The essay at hand pursues the question as to how the German philosopher and poet Novalis has been able to characterize the whole of philosophy as a longing for home. In succession to a historic contextualization and research background there follows a presentation of certain ideas in Kant and Fichte. This aims to build the historico-philosophical ground for thinking the philosophy of Novalis as such a longing. A close reading of Novalis work Fichte-studies is the main justification for this interpretation. In accordance, Novalis understands philosophy as a longing for home arisen from the factual experience of the I. Feeling links this experience to theabsolute, thus providing the foundation for philosophy. Thus in thinking, this absolute ground can be set only relatively and indirectly. Philosophy can never establish direct contact with the absolute, but must be driven infinitely by thinking, through feeling, towards it. This drive shall be understood as a longing. Longing arrives through what is absolutely given in feeling. Longing moves towards re-establishing the given which thinking has lost.

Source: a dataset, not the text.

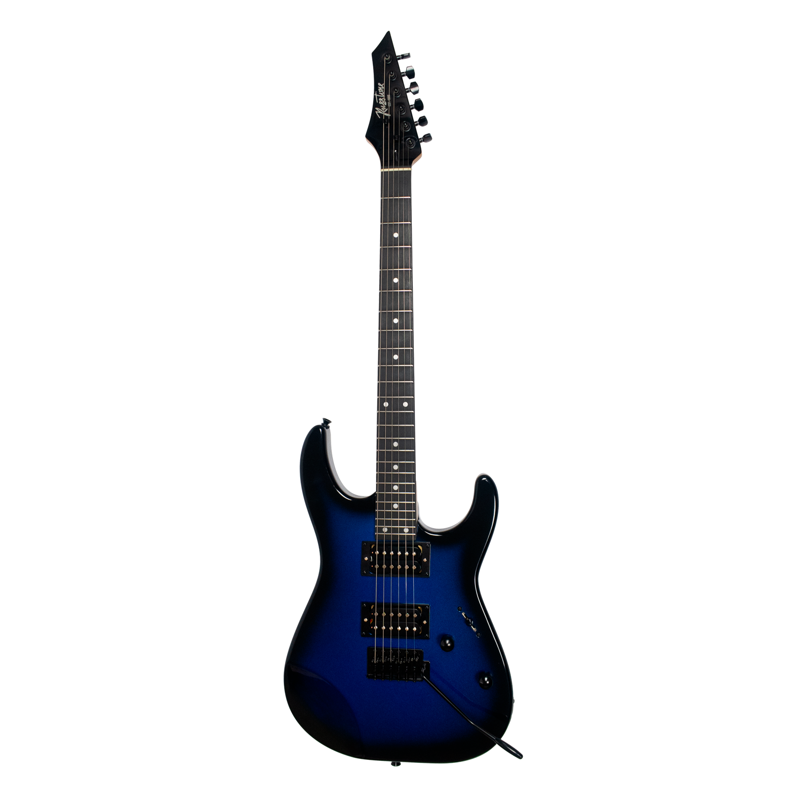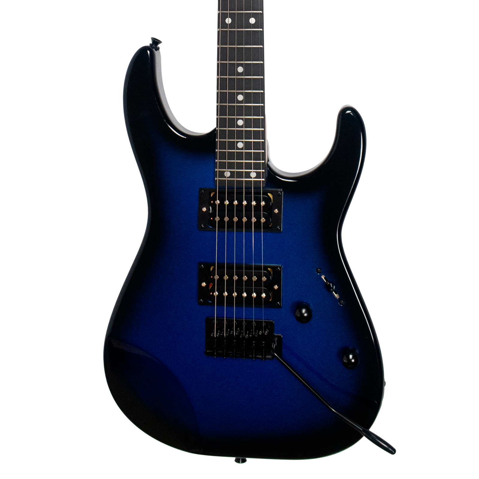 Чёрная фурнитура, реверсивная голова грифа и дека из тополя с глянцевым покрытием «синий металлический бёрст» выгодно дополняют агрессивные изгибы и узнаваемый силуэт «Суперстрата». А дополнительный срез на деке под правую руку делает игру на этой электрогитаре еще более комфортной.
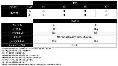クラブ長さ(インチ)REAX4038.7538.2537.7537.25

The I is understood as where being dwells. Herein the I's feeling of direct experience of its existence is reached — as a belonging to the world. Such a feeling of belonging is destined to evaporate with thinking. Nevertheless, thinking hopes to come home — it dreams this future. Hence we arrive at philosophy thought as a longing for home. In the end, we conclude with Novalis that philosophy thought this way must be procured by poetry.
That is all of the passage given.